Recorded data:
* * * * *

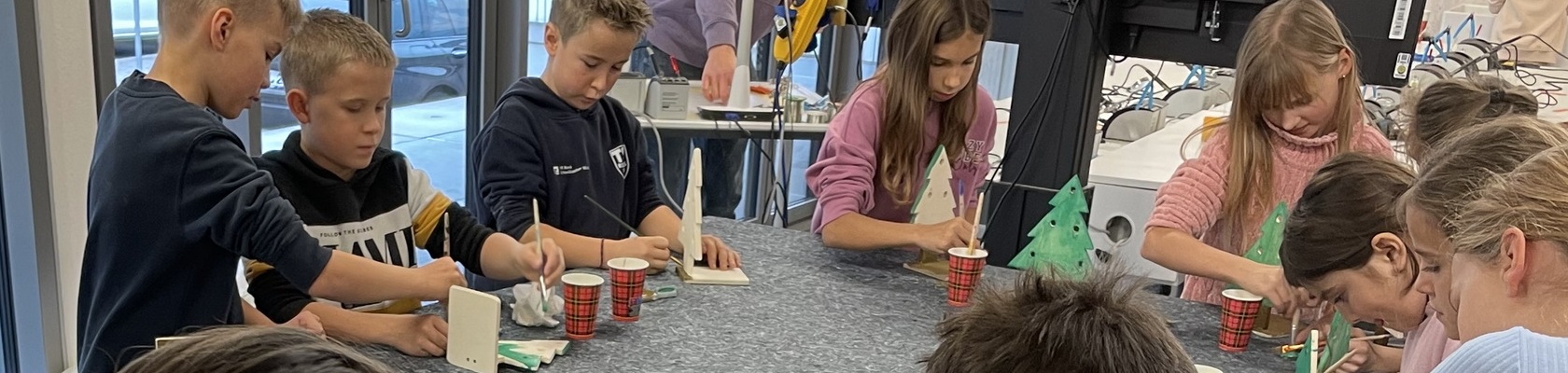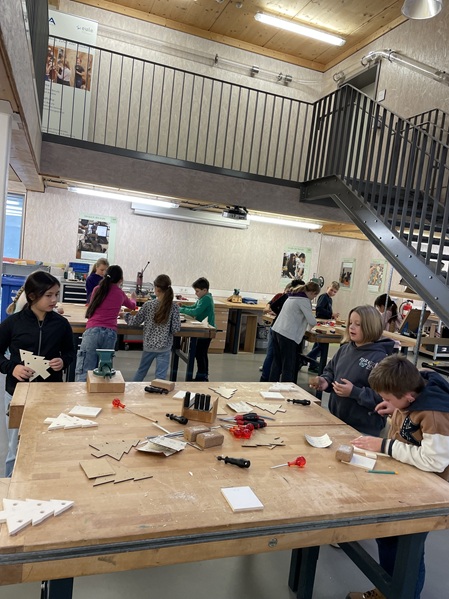 Dort in der Werkstatt durften die Kinder ihr Holz sägen, bohren, schleifen und schrauben. Dann wurde es noch angemalt. Etwas knifflig war es dann, die Drähte an die kleinen Lampenfassungen festzumachen. Als das geschafft war, wurden zum Schluss alle Drähte noch festgelötet und kleine Glühbirnen eingeschraubt.
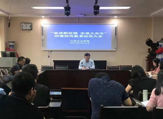 为进一步推动学习贯彻习近平新时代中国特色社会主义思想主题教育走深走实,落实立德树人根本任务,着力解决师德师风建设中的突出问题。5月16日下午,beat365正版唯一官方网站在407会议室召开主题教育暨师德师风建设推进会。学院全体教师参加会议,会议由党委书记郭鹏主持。
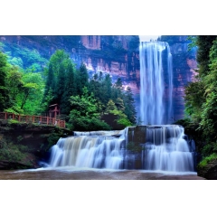 四面山的瀑布最為壯四面山 觀。有大小瀑布100多處。瀑布傾瀉激蕩,掀起滿天煙霧,轟然鳴響,數里之外也能感受到其威勢。望鄉臺瀑布高152米,寬40米,居我國高瀑之首;水口寺瀑布高94米,懸掛在一個天然洞穴之下,景象奇特;鴛鴦瀑布比翼齊飛,撩人遐思。四面山原始綠闊葉林帶在同緯度中保存較好,其中屬國家級重點保護動物16種,省級保護動物8種,為我國“物種基因的寶庫”
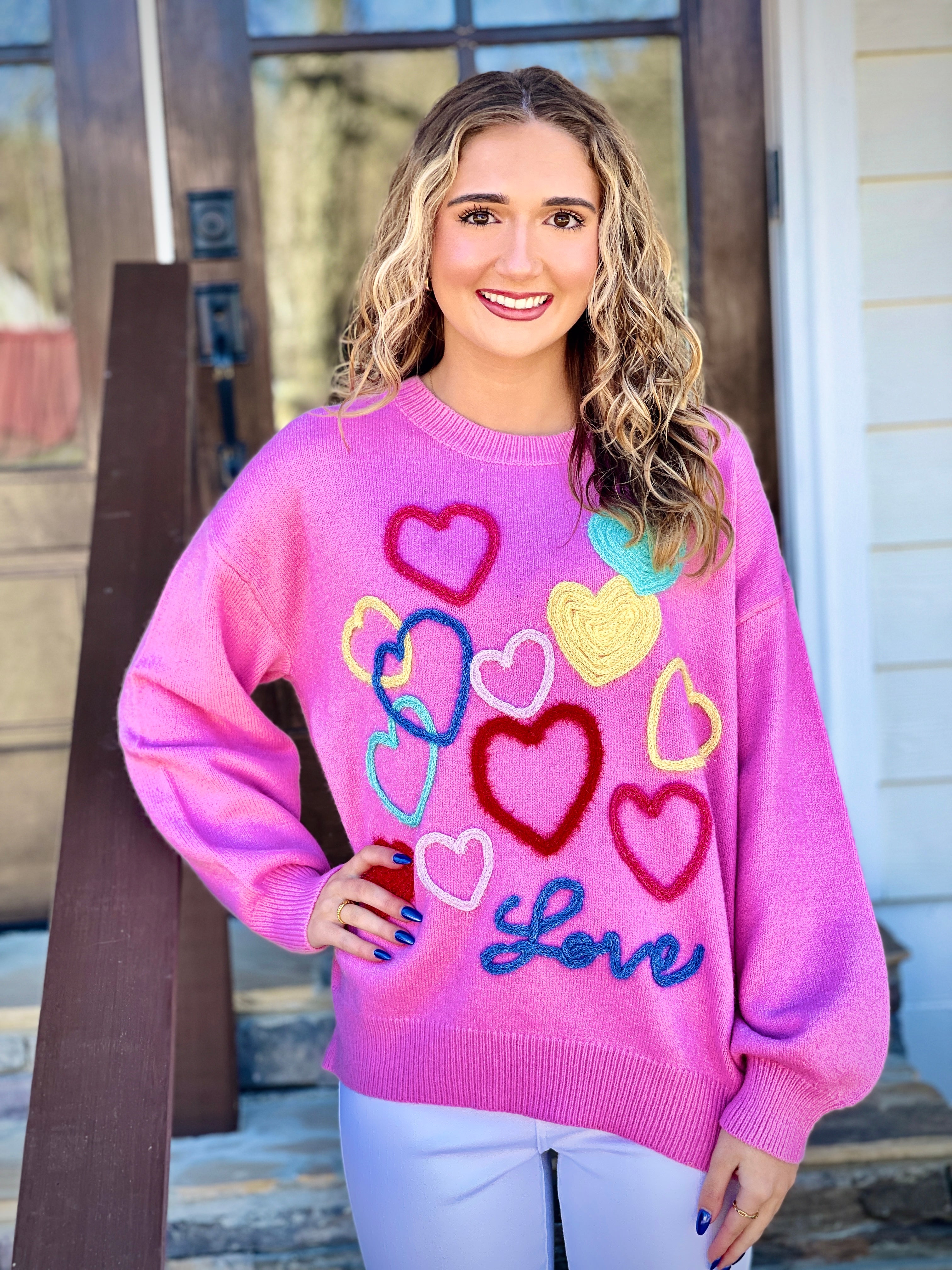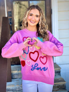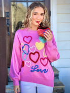 Stay cozy and stylish with our round neck long sleeve knit sweater. Featuring letter trimming and heart detail, this sweater adds a playful touch to any outfit. The rib detail at the neckline and hem provide a snug fit for added comfort. Made of lightweight, non-sheer knit material, it's perfect for any occasion.
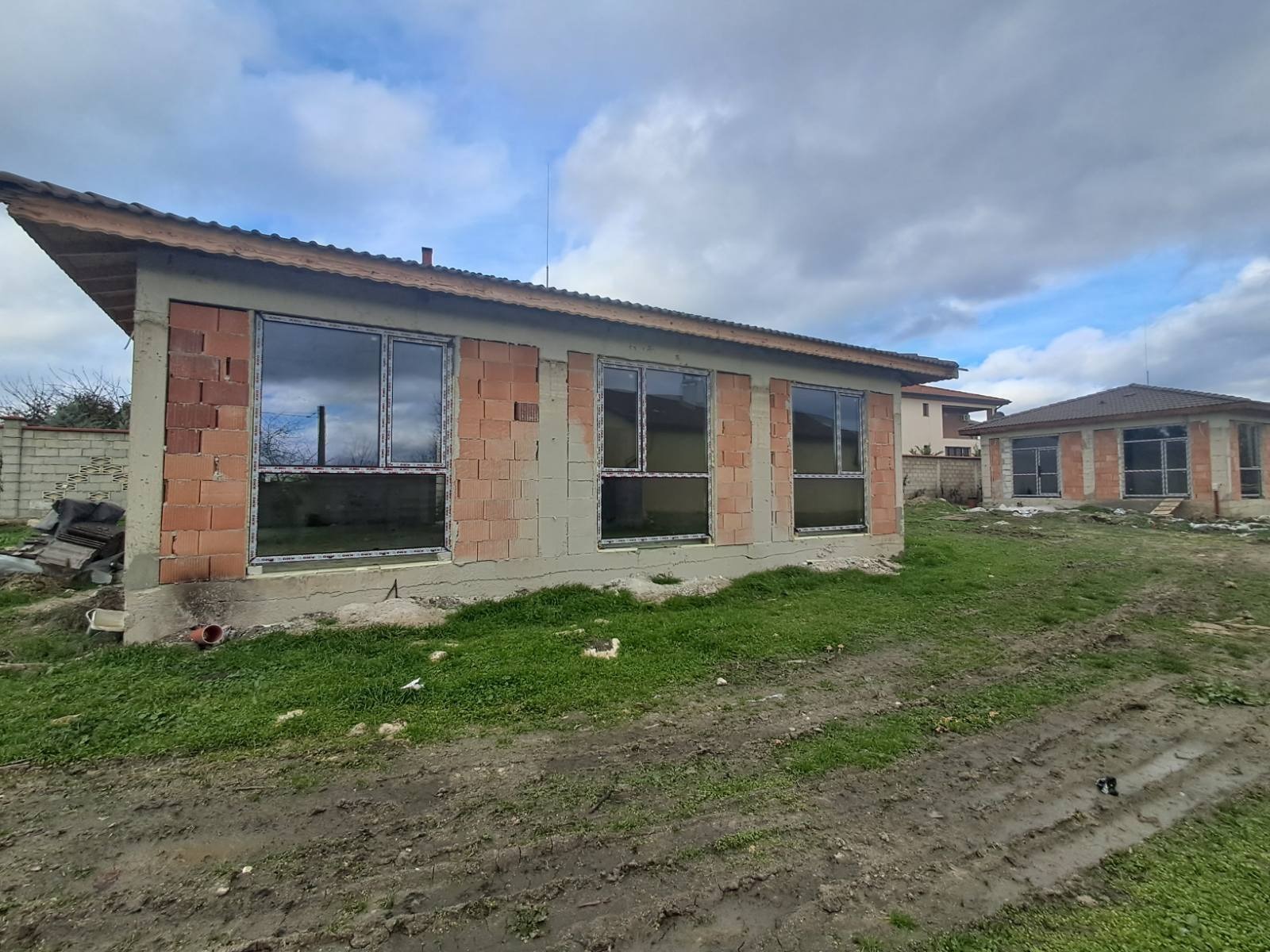 Едноетажната къща е тухлена, на етап на строителство издаден Акт 14. Ще бъде въведена в експлоатация (Акт 16) през 2026 г. Дворното място към нея е с площ 754 кв.м, с две открити паркоместа, включени в продажната цена. Достъпът до имота е по асфалтов път. В съседство има новопостроени къщи.

* * * * *

* **TRY IT**
Copy each entry exactly as written. Images should not appear in the copy.

* **RESPONSE TO THE EXERCISE**
 Dort in der Werkstatt durften die Kinder ihr Holz sägen, bohren, schleifen und schrauben. Dann wurde es noch angemalt. Etwas knifflig war es dann, die Drähte an die kleinen Lampenfassungen festzumachen. Als das geschafft war, wurden zum Schluss alle Drähte noch festgelötet und kleine Glühbirnen eingeschraubt.
 为进一步推动学习贯彻习近平新时代中国特色社会主义思想主题教育走深走实,落实立德树人根本任务,着力解决师德师风建设中的突出问题。5月16日下午,beat365正版唯一官方网站在407会议室召开主题教育暨师德师风建设推进会。学院全体教师参加会议,会议由党委书记郭鹏主持。
 四面山的瀑布最為壯四面山 觀。有大小瀑布100多處。瀑布傾瀉激蕩,掀起滿天煙霧,轟然鳴響,數里之外也能感受到其威勢。望鄉臺瀑布高152米,寬40米,居我國高瀑之首;水口寺瀑布高94米,懸掛在一個天然洞穴之下,景象奇特;鴛鴦瀑布比翼齊飛,撩人遐思。四面山原始綠闊葉林帶在同緯度中保存較好,其中屬國家級重點保護動物16種,省級保護動物8種,為我國“物種基因的寶庫”
 Stay cozy and stylish with our round neck long sleeve knit sweater. Featuring letter trimming and heart detail, this sweater adds a playful touch to any outfit. The rib detail at the neckline and hem provide a snug fit for added comfort. Made of lightweight, non-sheer knit material, it's perfect for any occasion.
 Едноетажната къща е тухлена, на етап на строителство издаден Акт 14. Ще бъде въведена в експлоатация (Акт 16) през 2026 г. Дворното място към нея е с площ 754 кв.м, с две открити паркоместа, включени в продажната цена. Достъпът до имота е по асфалтов път. В съседство има новопостроени къщи.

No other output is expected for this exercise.